- Laudoha Location in West Bengal, India Laudoha Laudoha (India)
- Coordinates: 23°39′43.6″N 87°18′27.4″E﻿ / ﻿23.662111°N 87.307611°E
- Country: India
- State: West Bengal
- District: Paschim Bardhaman
- • Rank: 2,399

Languages*
- • Official: Bengali, Hindi, English
- Time zone: UTC+5:30 (IST)
- Telephone/STD code: 0341
- Lok Sabha constituency: Asansol
- Vidhan Sabha constituency: Pandaveswar
- Website: paschimbardhaman.co.in

= Laudoha =

Laudoha is a village in the Faridpur Durgapur CD block in the Durgapur subdivision of the Paschim Bardhaman district in the state of the West Bengal, India.

==Geography==

===Urbanisation===
According to the 2011 census, 79.22% of the population of the Durgapur subdivision was urban and 20.78% was rural. The Durgapur subdivision has 1 municipal corporation at Durgapur and 38 (+1 partly) census towns (partly presented in the map alongside; all places marked on the map are linked in the full-screen map).

==Civic administration==
===Police station===
Faridpur police station, located on Ukhra-Madaiganj Road, in Laudoha gram panchayat, has jurisdiction over parts of the Faridpur Durgapur CD block. The area covered is 106.56 km^{2} and the population covered is 94,603.

===CD block HQ===
The headquarters of the Faridpur Durgapur CD block are located at Laudoha.

==Demographics==
According to the 2011 Census of India, Laudoha had a total population of 2,399, of which 1,232 (51%) were males and 1,167 (49%) were females. Population in the age range 0-6 years was 257. The total number of literate persons in Laudoha was 1,660 (77.50% of the population over 6 years).

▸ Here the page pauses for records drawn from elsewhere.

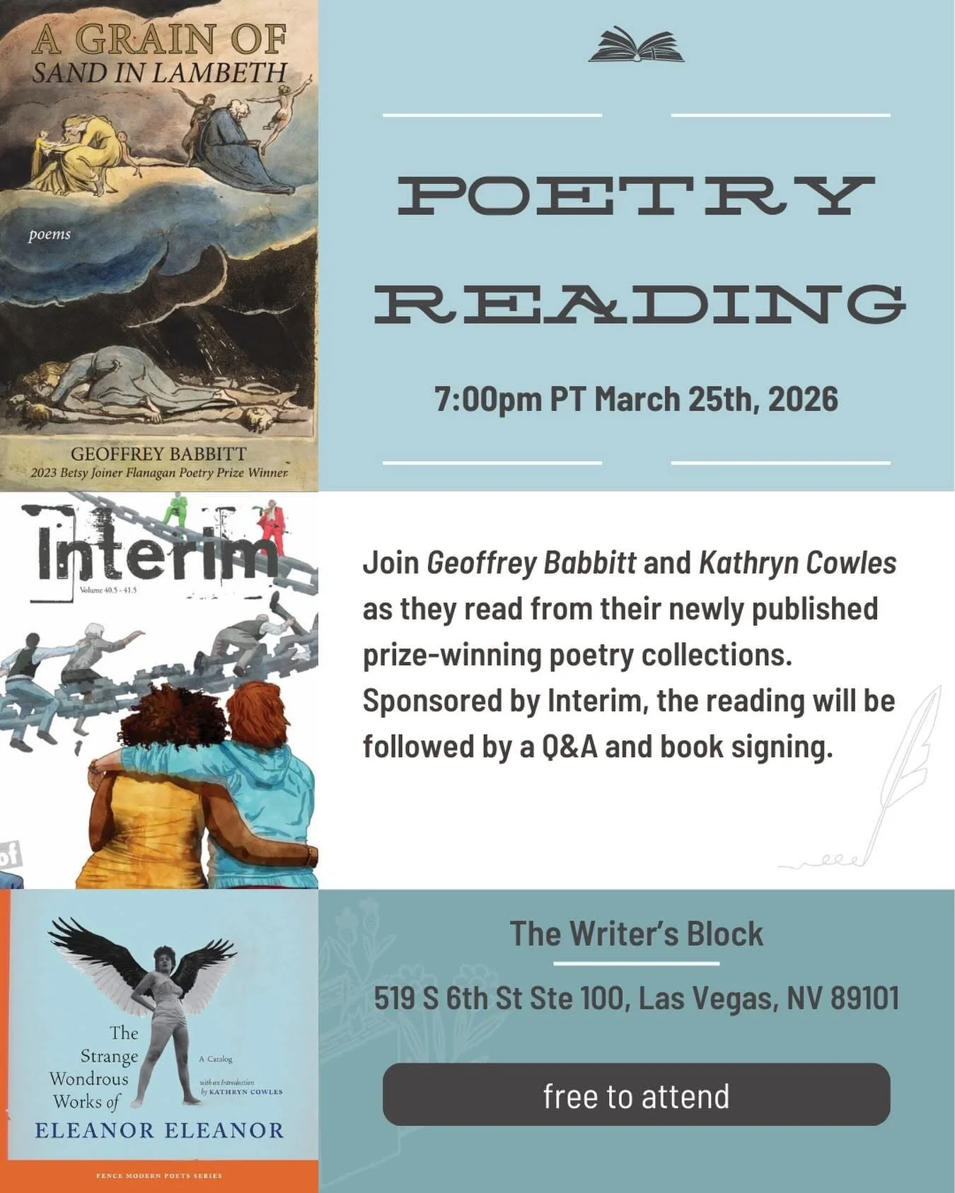 Interim Magazine and the UNLV Creative Writing Program host Geoffrey Babbitt & Kathryn Cowles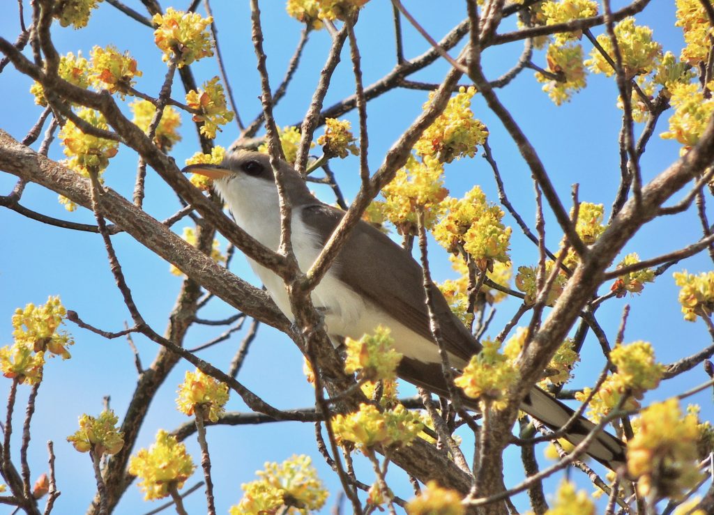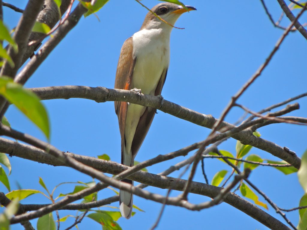The old-world Common Cuckoo (of cuckoo clock association) is well-known as a nest parasite. Our two, the Yellow-billed, and the Black-billed, are usually conscientious parents, building a nest and raising a brood, but both species are known to sometimes practice brood parasitism, although it is discretionary and science has yet to figure out what triggers the parasitic urge. Typical breeding is apparently correlated with an abundant local food supply and once started, the breeding cycle is extremely rapid, and requires only 17 days from egg-laying to fledging of young. Incredibly, almost explosive feather sheaths allow nestlings to become fully feathered within two hours.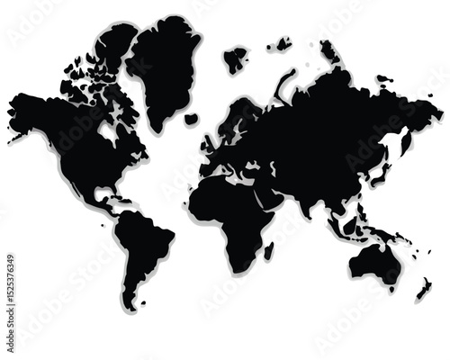 Black silhouette vector illustration of a world map for educational, travel, and design projects

- For language details see Faridpur Durgapur#Language and religion

==Education==
Laudoha K.T.B. Institution is a Bengali-medium coeducational institution established in 1963. It has facilities for teaching from class V to class XII. The school has 12 computers, a library with 2,000 books and a playground.

Kalipur High School is a Bengali-medium coeducational institution established in 1907. It has facilities for teaching from class V to class X.

==Healthcare==
Laudoha Rural Hospital, with 30 beds, at Laudoha, is the major government medical facility in the Faridpur Durgapur CD block. There are primary health centres at Lowapur, PO Ichhapur (with 6 beds) and Kantaberia, PO Dhabani (with 10 beds).